Implementation:Neuml Txtai TextToAudio
| Knowledge Sources | |
|---|---|
| Domains | Audio, Audio Generation, NLP |
| Last Updated | 2026-02-10 01:00 GMT |
Overview
Concrete tool for generating audio from text descriptions provided by txtai.
Description
TextToAudio is a pipeline that generates audio waveforms from text descriptions using Hugging Face "text-to-audio" models. Unlike TextToSpeech which produces speech, this pipeline generates general audio such as music or sound effects based on text prompts. It extends the HFPipeline base class and wraps the Hugging Face text-to-audio pipeline task. The pipeline supports optional resampling to a configurable target sample rate and handles both single string and batch list inputs. It uses the forward_params mechanism to control the maximum number of new tokens (audio length) generated.
Usage
Use TextToAudio when you need to generate non-speech audio from text descriptions, such as creating sound effects from descriptions ("a dog barking"), generating music from text prompts, or producing ambient audio. This differs from TextToSpeech which specifically synthesizes human speech from written text.
Code Reference
Source Location
- Repository: Neuml_Txtai
- File: src/python/txtai/pipeline/audio/texttoaudio.py
Signature
class TextToAudio(HFPipeline):
def __init__(self, path=None, quantize=False, gpu=True, model=None, rate=None, **kwargs)
def __call__(self, text, maxlength=512)
Import
from txtai.pipeline.audio.texttoaudio import TextToAudio
I/O Contract
Inputs
| Name | Type | Required | Description |
|---|---|---|---|
| path | str | No | Model path or Hugging Face repo id for the text-to-audio model. |
| quantize | bool | No | Enable model quantization. Defaults to False. |
| gpu | bool | No | Use GPU acceleration if available. Defaults to True. |
| model | object | No | Optional pre-loaded model instance. |
| rate | int | No | Target sample rate for output audio. When None, uses model's native sample rate. |
| text | str or list | Yes | Text description or list of descriptions to generate audio from. |
| maxlength | int | No | Maximum audio length to generate (in tokens). Defaults to 512. |
Outputs
| Name | Type | Description |
|---|---|---|
| result | tuple(numpy.ndarray, int) | A tuple of (audio waveform as NumPy array, sample rate) for a single text input. |
| results | list of tuple(numpy.ndarray, int) | A list of (audio, sample rate) tuples when input is a list. |
Usage Examples
from txtai.pipeline import TextToAudio
# Create a TextToAudio pipeline
audio_gen = TextToAudio()
# Generate audio from a text description
audio, rate = audio_gen("A cat purring softly")

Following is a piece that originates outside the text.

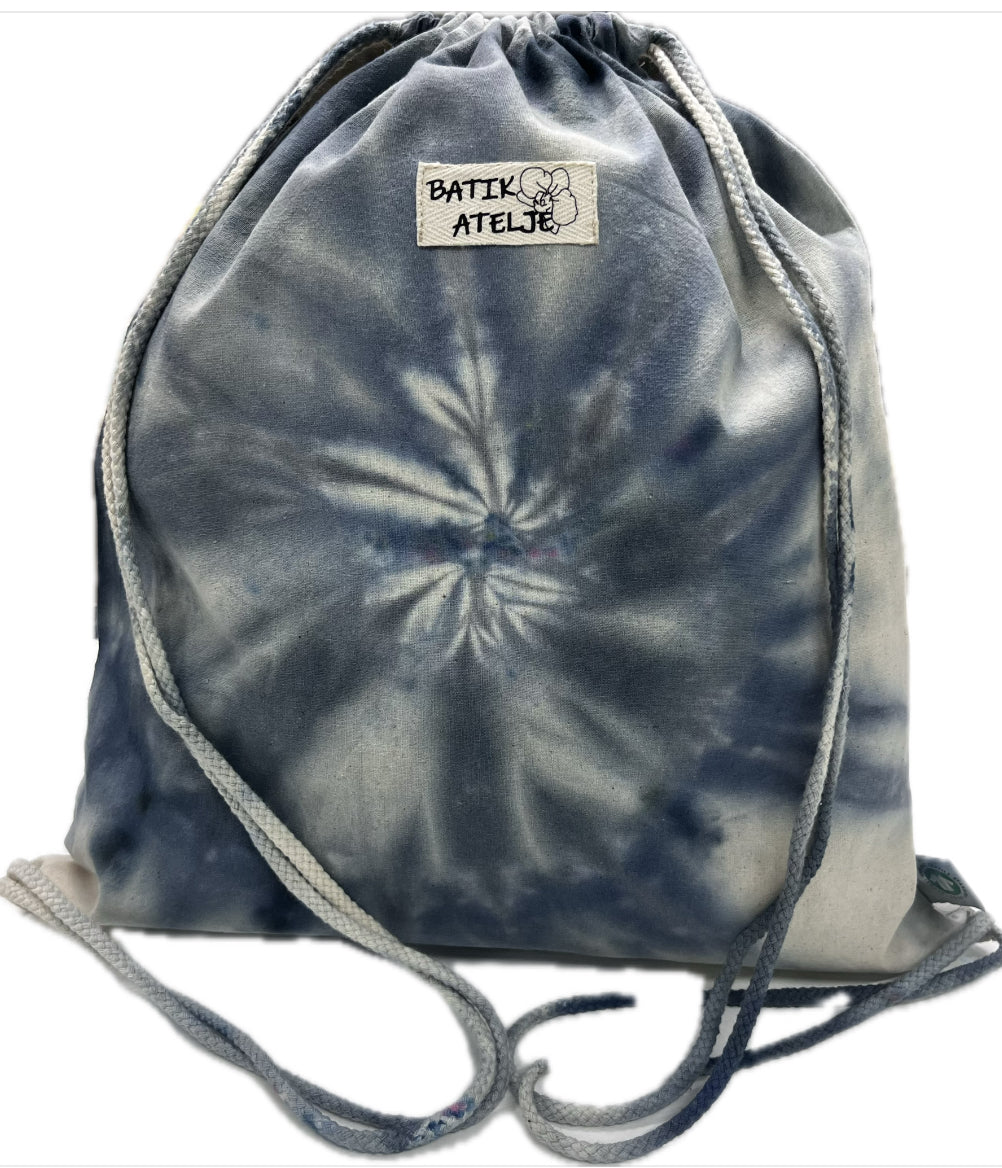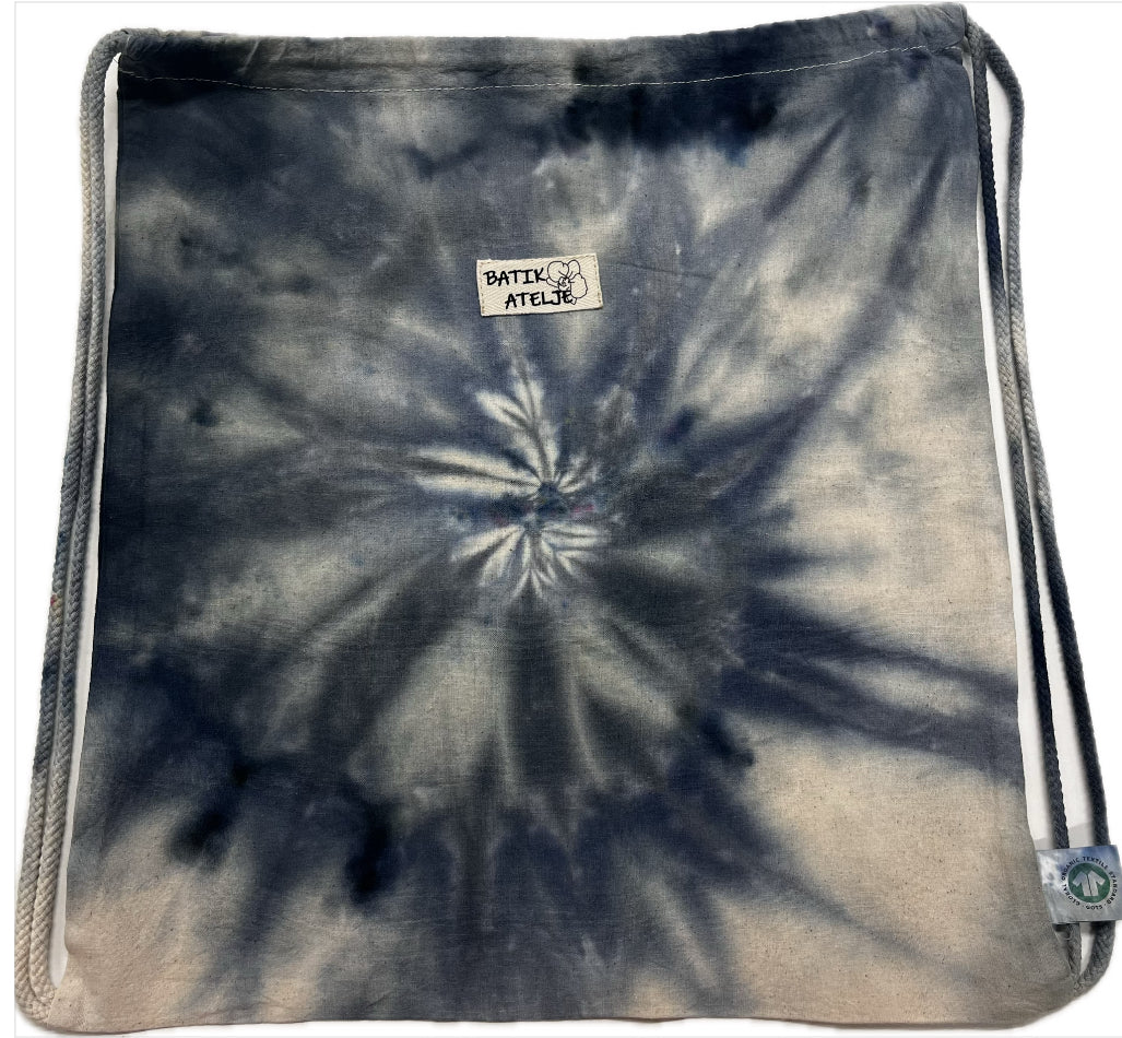 Kaunis ja kestävä siniharmaa batiikkikangapussi

# Generate audio with a custom max length
audio, rate = audio_gen("Thunder rolling in the distance", maxlength=1024)
# Batch generate audio from multiple descriptions
results = audio_gen(["Birds chirping in the morning", "Rain on a tin roof"])
# Use a specific model with target sample rate
audio_gen_custom = TextToAudio(path="facebook/audiogen-medium", rate=16000)
audio, rate = audio_gen_custom("Ocean waves crashing on a beach")